**The problem**
The answer is all of the data repeated exactly, with each picture omitted.

**Data below**
····················

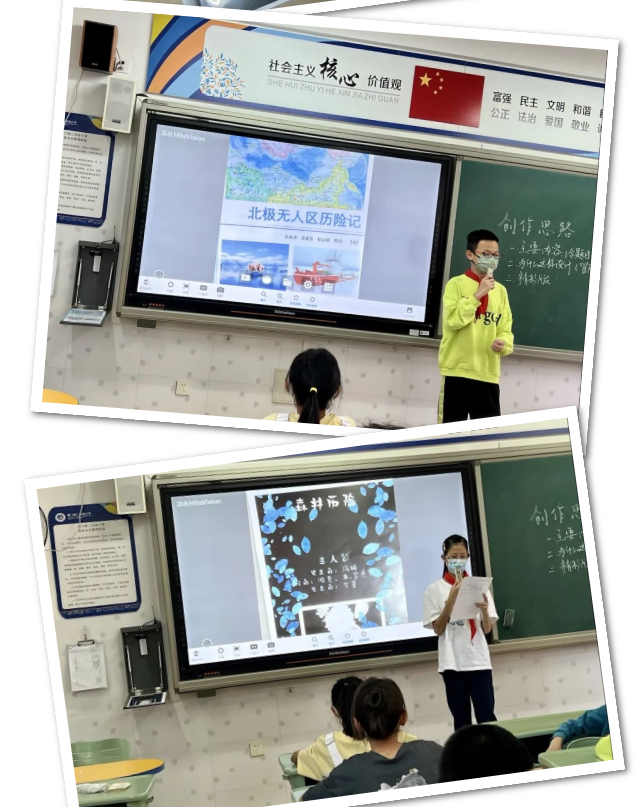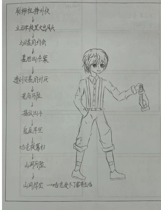 在深入把握人物形象的基础上,六年级的同学们又围绕“历险小说情节中的秘密”展开探究,发现“情节嵌套模式”与“冲突”,从而学习《汤姆·索亚历险记》的独特表达方式,有的独立创编,有的以小组为单位合作,创编属于自己的历险小说。
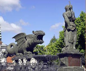 그 전설을 말해주는 석조로 만든 괴물 드래건이 신 광장 한가운데 서 있었다. 그 맞은편에는 도시의 수호성인 ‘성 게오르그’가 방망이 하나를 들고 용을 내려칠 듯이 서 있었다. 그 용을 사이에 두고 시청 건물과 마리아 테레지아 여왕의 동상이 서 있었다.
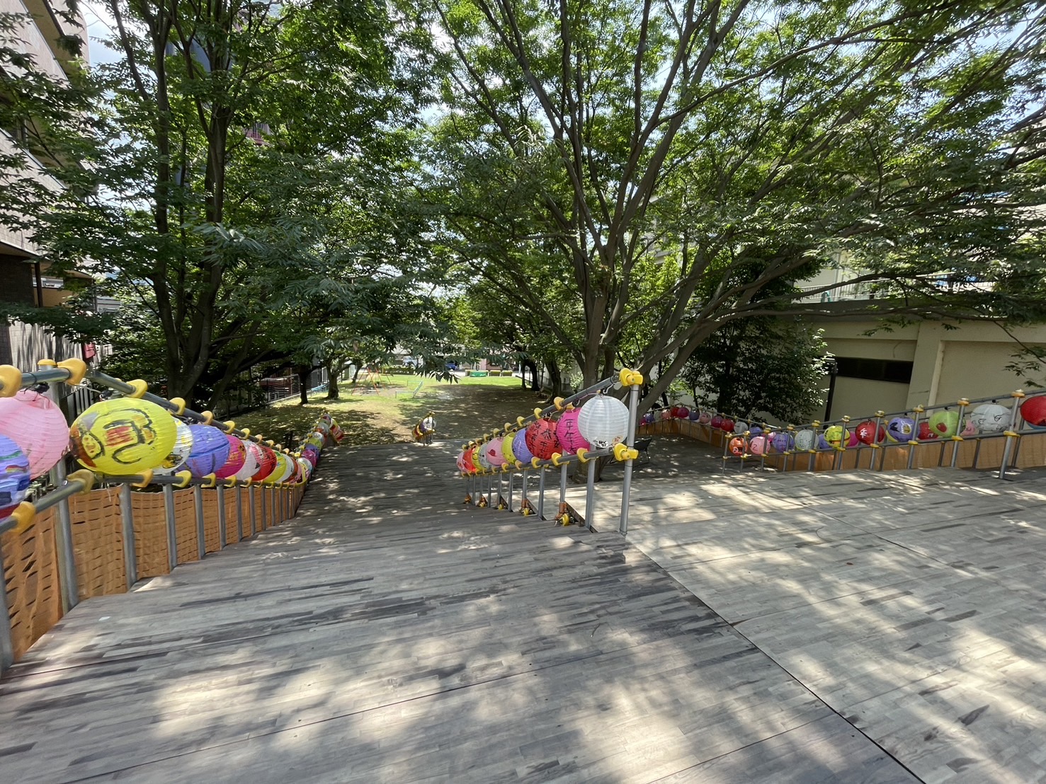 ブランコとかがある下の公園には、階段で行けるようになったりしてる。
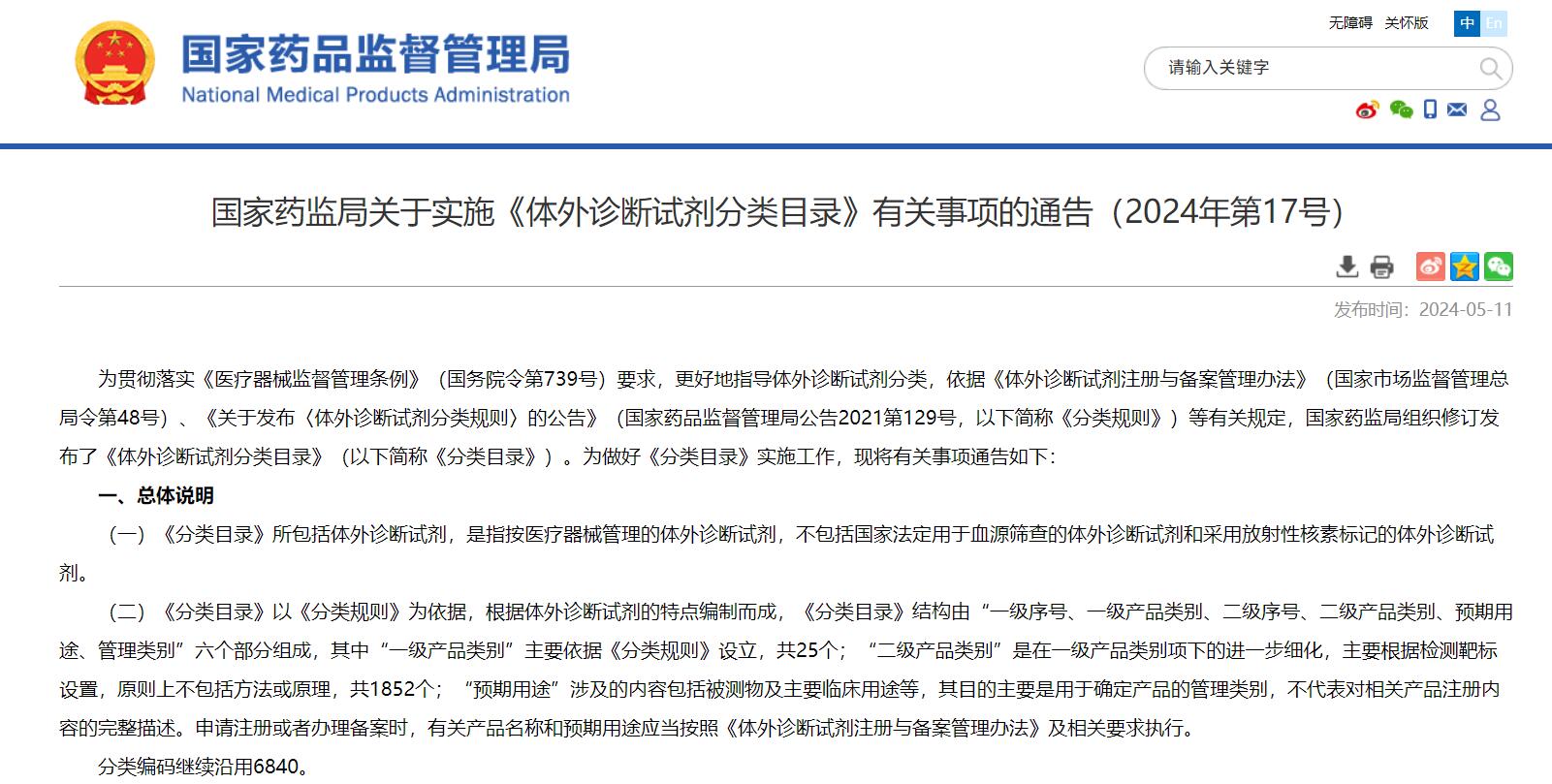 國家藥監(jiān)局關(guān)于實施《體外診斷試劑分類目錄》有關(guān)事項的通告(2024年第17號)

····················

**Result of this exercise**
 在深入把握人物形象的基础上,六年级的同学们又围绕“历险小说情节中的秘密”展开探究,发现“情节嵌套模式”与“冲突”,从而学习《汤姆·索亚历险记》的独特表达方式,有的独立创编,有的以小组为单位合作,创编属于自己的历险小说。
 그 전설을 말해주는 석조로 만든 괴물 드래건이 신 광장 한가운데 서 있었다. 그 맞은편에는 도시의 수호성인 ‘성 게오르그’가 방망이 하나를 들고 용을 내려칠 듯이 서 있었다. 그 용을 사이에 두고 시청 건물과 마리아 테레지아 여왕의 동상이 서 있었다.
 ブランコとかがある下の公園には、階段で行けるようになったりしてる。
 國家藥監(jiān)局關(guān)于實施《體外診斷試劑分類目錄》有關(guān)事項的通告(2024年第17號)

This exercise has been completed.